Powstanie mocnego piwa znad Bałtyku wpisywało się w ówczesne rynkowe tendencje.  Koźlaki, a przede wszystkim podwójne ich wersje były  w tamtym czasie powszechnie dostępne na rynku niemieckim. Porter Bałtycki, wzorowany na angielskich wersjach eksportowych , spełniał oczekiwania klientów z tego samego segmentu co Doppelbock.

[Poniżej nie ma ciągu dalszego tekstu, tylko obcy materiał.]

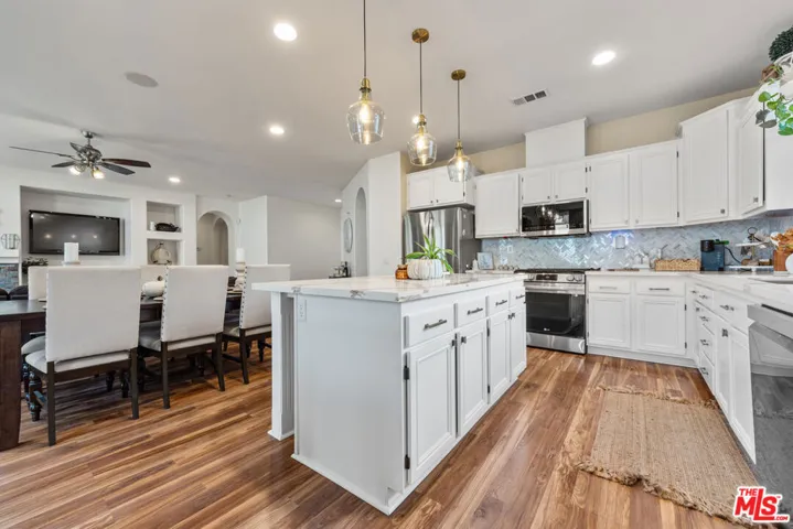 Welcome to 1548 Hunter Moon Way, a beautifully maintained single-story home that has been kept in immaculate condition by its original owner since it was built. Featuring 4 bedrooms, 2 bathrooms and 2,056 sq. ft. of thoughtfully designed living space, this home sits on one of the largest lots in the community with over 11,000 sq. ft. of usable space for entertaining, relaxing, or future expansion. Step inside to find an open and inviting floor plan featuring a modern, updated kitchen with sleek finishes, spacious quartz countertops, new LPV floors and a seamless flow into the living and dining areas making it perfect for family gatherings. The spacious primary bedroom offers a peaceful retreat with an en suite bathroom and a serene view of the expansive backyard, creating the ideal balance of comfort and tranquility. The three additional bedrooms are generously sized and located on the opposite side of the home, providing an excellent layout for privacy- ideal for families, guests, or a dedicated home office setup. An updated bathroom adds a fresh, contemporary touch, while the expansive backyard offers endless potential for a pool, garden, or outdoor living oasis. Located in a family-friendly community complete with a large park and basketball courts, this home delivers modern comfort, community and convenience all in one. Enjoy the best of Beaumont living just minutes from the Cabazon Outlets, 6th Street shops and the scenic San Gorgonio Pass, with easy access to the San Bernardino Mountains for weekend adventures. In addition to boasting a top-rated school system, this is a rare opportunity to own a pristine, move-in-ready home on a premier lot in one of Beaumont’s most desirable communities.
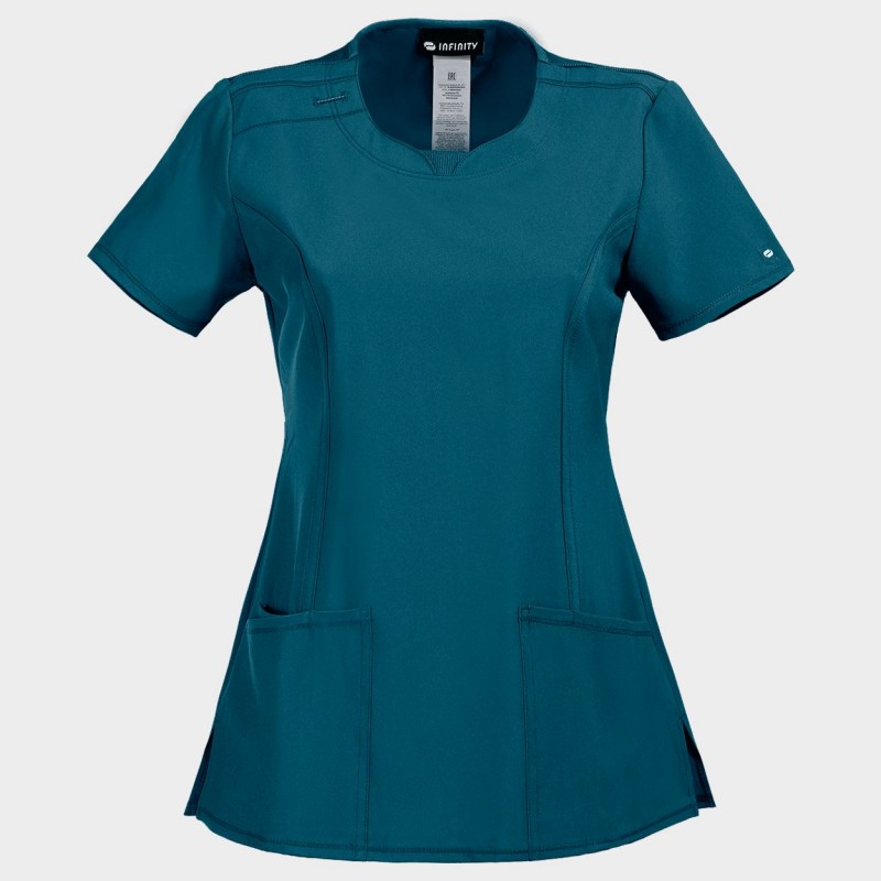 Tunică medicală pentru femei, cu decolteu rotund și tratament antimicrobian, care oferă protecție suplimentară și prospețime pe tot parcursul zilei. Parte din colecția Cherokee Infinity, ce combină designul modern cu funcționalitatea.

Jak więc smakuje nasz bałtycki porter?

Dzisiaj jest to piwo dolnej fermentacji, więc trudno tu szukać ferii estrowych. Będziemy wyczuwali inne owocowe smaki, a mianowicie wszelkiego rodzaju suszone owoce. Śliwki, wiśnie i rodzynki będą znaczącym elementem porterowego bukietu, jednak ich źródłem nie są pracowite drożdże, a spora ilość karmelu, który dostarczany jest z wraz z ciemniejszymi wersjami słodów. Ogólnie rzecz ujmując, to właśnie dzięki dolnej, chłodniejszej fermentacji  doceniamy aromaty pochodzące od słodu. Oprócz wybitnego charakteru słodowego i karmelowego wyczujemy też sporą dozę zapachu palonego. Jako że trunek ten ma potężny ekstrakt początkowy, wręcz do 22° Plato, zawartość alkoholu może osiągnąć nawet 10%. Piwo jest przy tym bardziej słodkie, jednak zawsze powinno być zrównoważone odpowiednim poziomem kwaśności i wyraźnie podwyższoną goryczką. Ta ostatnia powinna być długa, mocna, jednak nieostra czy nazbyt drapiąca. Jest to piwo pełne i aksamitne. Przekombinowane karmelem staje się ostre jak tarka i pozostawia nieprzyjemne wrażenia. Mimo, że ekstrakt początkowy jest wysoki, piwo można zakwalifikować do tych bardziej odfermentowanych. Na końcu i tak zostaje sporo treści, jednak trzeba uważać aby nie było jej zbyt dużo, aeby piwo nie było zbyt słodkie, ulepne. Trunek winien być klarowny, bardzo ciemny, a może nawet być nieprzejrzyście czarny jak stout. Zwykle jednak powinien być ciemnobrązowy z rubinowymi przebłyskami światła. Porter Bałtycki winien wdzięczyć się kremową, trwałą pianą w kolorze beżowym, wyraźnie zabarwioną w kolor piwa.

Uwarzyć portera

Aby osiągnąć kompleksowy charakter i poprawny balans smaków i aromatów potrzebujemy poprawnej receptury i ścisłego jej przestrzegania. Brzmi  jak „oczywista oczywistość”, jednak są to warunki bezwzględne, aby powstał prawdziwy porter.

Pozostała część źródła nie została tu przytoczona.